Though I'm not sure if this is needed, because can't you just use the BAR address in the configuration instead of reading it ?

I'm not 100% sure about this but you might find out that the bridge needs to be reconfigured again.

It will again get reconfigured by the OS when it wakes up so you don't need to restore any values.

From what I can find it seems standard for the OS to restore PCI registers by itself. So all that's needed is

  1. Configuring the bridge and BAR0 using the same BAR0 address found in configuration (reading from ExitBootServices is unnecessary)
  2. Configure strap

OS will do restoring Resizable BAR size.

@xCuri0

Yes, that looks complicated.

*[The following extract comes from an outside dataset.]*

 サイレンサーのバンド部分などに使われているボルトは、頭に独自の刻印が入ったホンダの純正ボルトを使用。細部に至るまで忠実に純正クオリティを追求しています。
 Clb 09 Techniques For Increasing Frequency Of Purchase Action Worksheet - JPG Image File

The boot script has opcodes for writing PCI configuration space, using the PCI address (bus, device, function). So I have to wonder how is that done if PCI is not configured ? I mean, at least the bus numbers must be allocated before the boot script can run those opcodes. So does it make sense to run the boot script after PCI bus numbers are allocated, but before other PCI configuration is done ?

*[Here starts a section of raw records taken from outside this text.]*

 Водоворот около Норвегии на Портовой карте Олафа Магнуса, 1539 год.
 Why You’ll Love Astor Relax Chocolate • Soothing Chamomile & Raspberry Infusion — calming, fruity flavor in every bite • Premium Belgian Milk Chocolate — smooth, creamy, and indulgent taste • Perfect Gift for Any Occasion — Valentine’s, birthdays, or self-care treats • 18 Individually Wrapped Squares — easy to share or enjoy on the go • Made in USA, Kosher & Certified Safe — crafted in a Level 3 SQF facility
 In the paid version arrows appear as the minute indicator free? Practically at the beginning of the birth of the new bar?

It is possible the GPU base address 0 to be different then what I have in the configuration variable. Simply enabling ReBAR can already change the allocation the firmware does, plus adding a new GPU or other device as well, and just changing other options in UEFI Setup would change the GPU BAR0 ... Also Linux can run with pci=realloc option, but I suppose it should be smart enough to leave the firmware out of it

In the worst case scenario I need to make the .ffs a runtime driver, and add a custom function (written in C) to the boot script. Do you know how can I change the DXE driver from boot services to a boot + runtime services driver ?

I read that simply using EXIT_BOOT_SERVICES (and not BEFORE_EXIT_BOOT_SERVICES) runs the risk of finding other components like my boot script already transitioned to the runtime services and no longer in boot services mode. Do you know something about that ? If I hook ExitBootServices, do I have the same problem ?

I guess there are other ways like using the end of PCI enumeration to write the boot script

I just don't know what to expect ... so I cannot make the right decisions

@terminatorul You should be fine using the same values in the NVRAM variable configuration for the S3 script, they work for DXE phase so they will work for S3 phase too.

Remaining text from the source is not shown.